Task item —
Look through the listing below for the line with "Zora J Murff, Woah" and the line with "- 【4 LIGHTING". Copy both, along with every line between them, exactly and with no pictures.

Data records —
/---
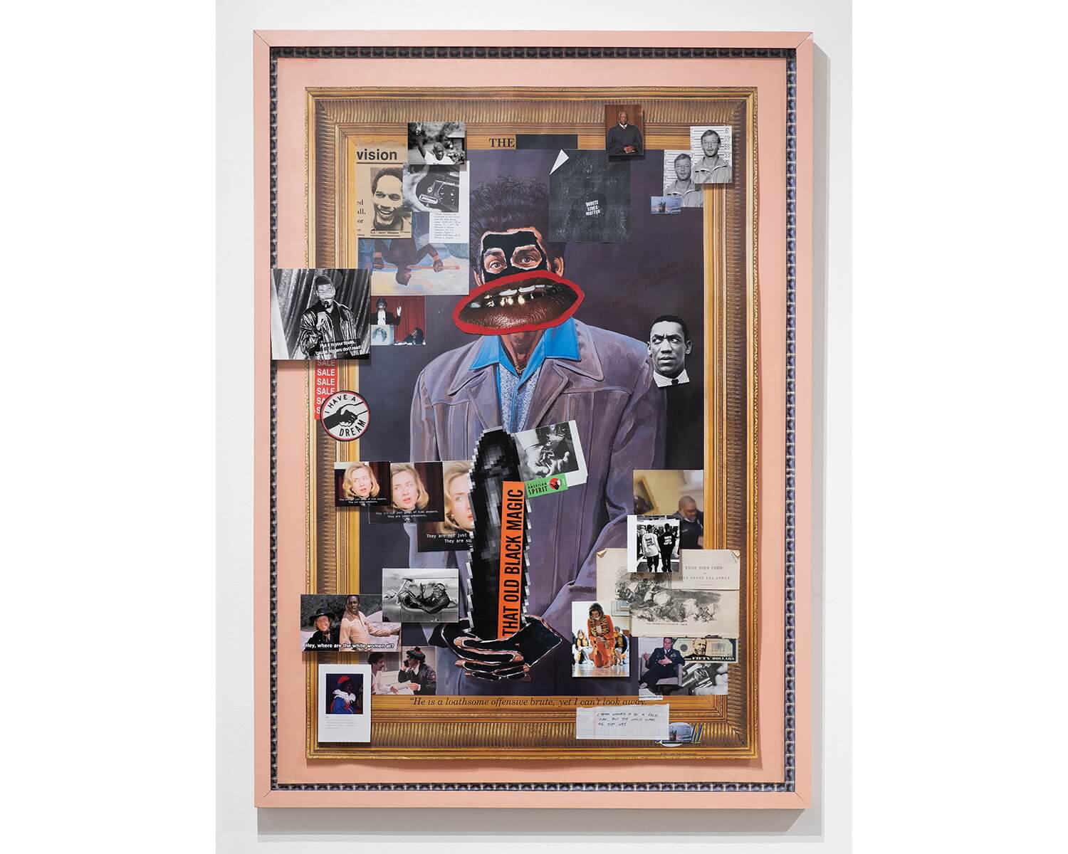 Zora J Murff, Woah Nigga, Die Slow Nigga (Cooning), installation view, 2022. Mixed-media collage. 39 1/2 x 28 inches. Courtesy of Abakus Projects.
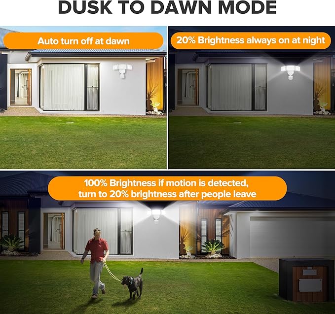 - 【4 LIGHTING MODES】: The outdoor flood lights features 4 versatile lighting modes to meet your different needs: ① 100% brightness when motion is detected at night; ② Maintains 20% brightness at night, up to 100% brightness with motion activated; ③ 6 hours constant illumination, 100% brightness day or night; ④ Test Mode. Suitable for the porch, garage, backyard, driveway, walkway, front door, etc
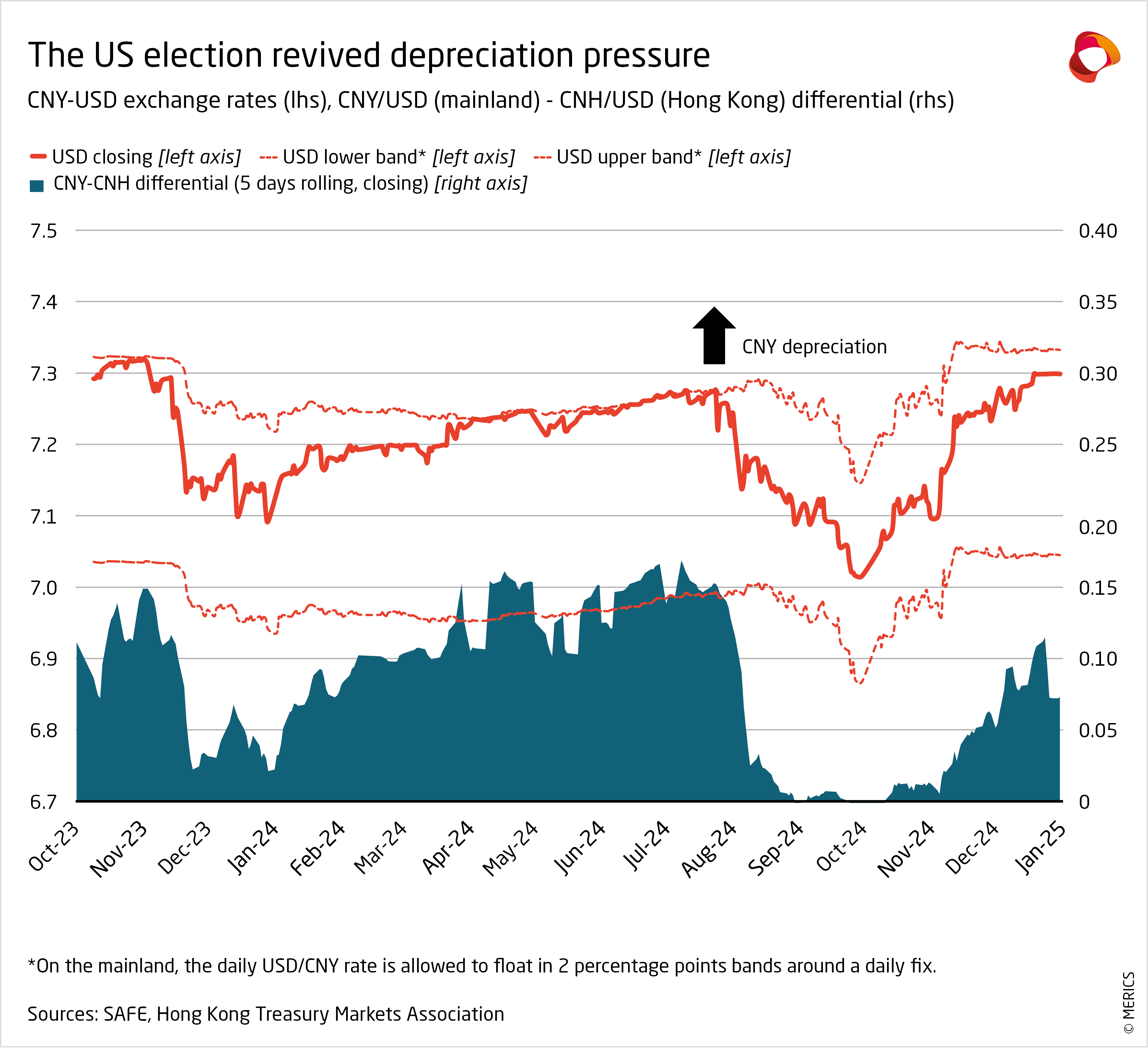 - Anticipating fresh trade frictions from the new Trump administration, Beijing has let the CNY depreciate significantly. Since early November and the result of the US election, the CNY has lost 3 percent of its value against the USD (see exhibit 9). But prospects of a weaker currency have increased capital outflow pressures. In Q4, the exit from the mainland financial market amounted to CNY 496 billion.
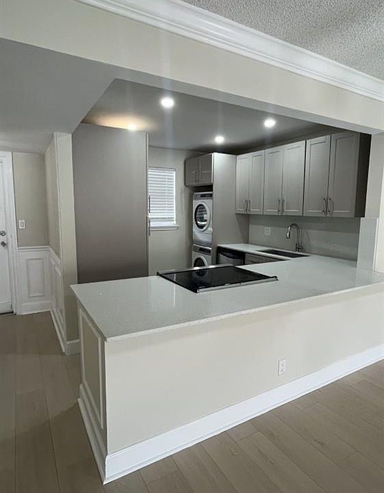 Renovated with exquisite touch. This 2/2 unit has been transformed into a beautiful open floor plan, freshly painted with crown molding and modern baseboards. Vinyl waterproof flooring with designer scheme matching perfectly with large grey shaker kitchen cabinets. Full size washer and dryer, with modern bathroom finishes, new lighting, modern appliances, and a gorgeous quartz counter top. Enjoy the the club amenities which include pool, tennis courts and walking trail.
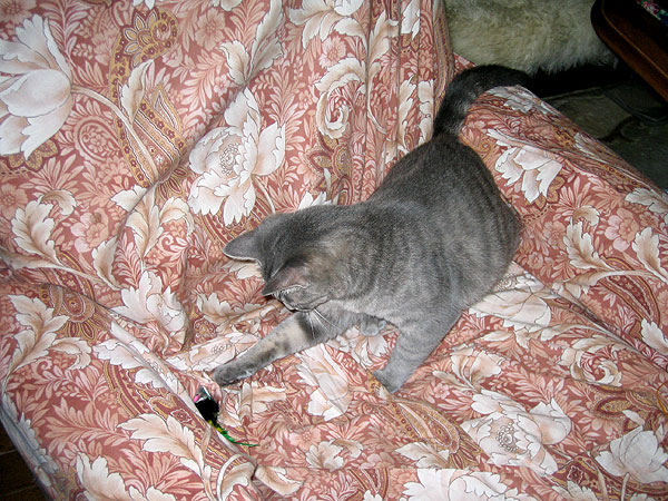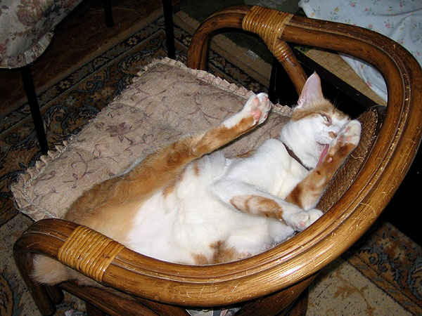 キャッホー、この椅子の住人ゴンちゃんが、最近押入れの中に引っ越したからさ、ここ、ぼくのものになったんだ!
\---
/---
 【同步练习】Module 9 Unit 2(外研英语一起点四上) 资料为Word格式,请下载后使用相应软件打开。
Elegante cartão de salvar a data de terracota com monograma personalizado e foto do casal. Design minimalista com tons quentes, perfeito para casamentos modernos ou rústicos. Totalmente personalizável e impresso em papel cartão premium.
\---
Task response —
 Zora J Murff, Woah Nigga, Die Slow Nigga (Cooning), installation view, 2022. Mixed-media collage. 39 1/2 x 28 inches. Courtesy of Abakus Projects.
 - 【4 LIGHTING MODES】: The outdoor flood lights features 4 versatile lighting modes to meet your different needs: ① 100% brightness when motion is detected at night; ② Maintains 20% brightness at night, up to 100% brightness with motion activated; ③ 6 hours constant illumination, 100% brightness day or night; ④ Test Mode. Suitable for the porch, garage, backyard, driveway, walkway, front door, etc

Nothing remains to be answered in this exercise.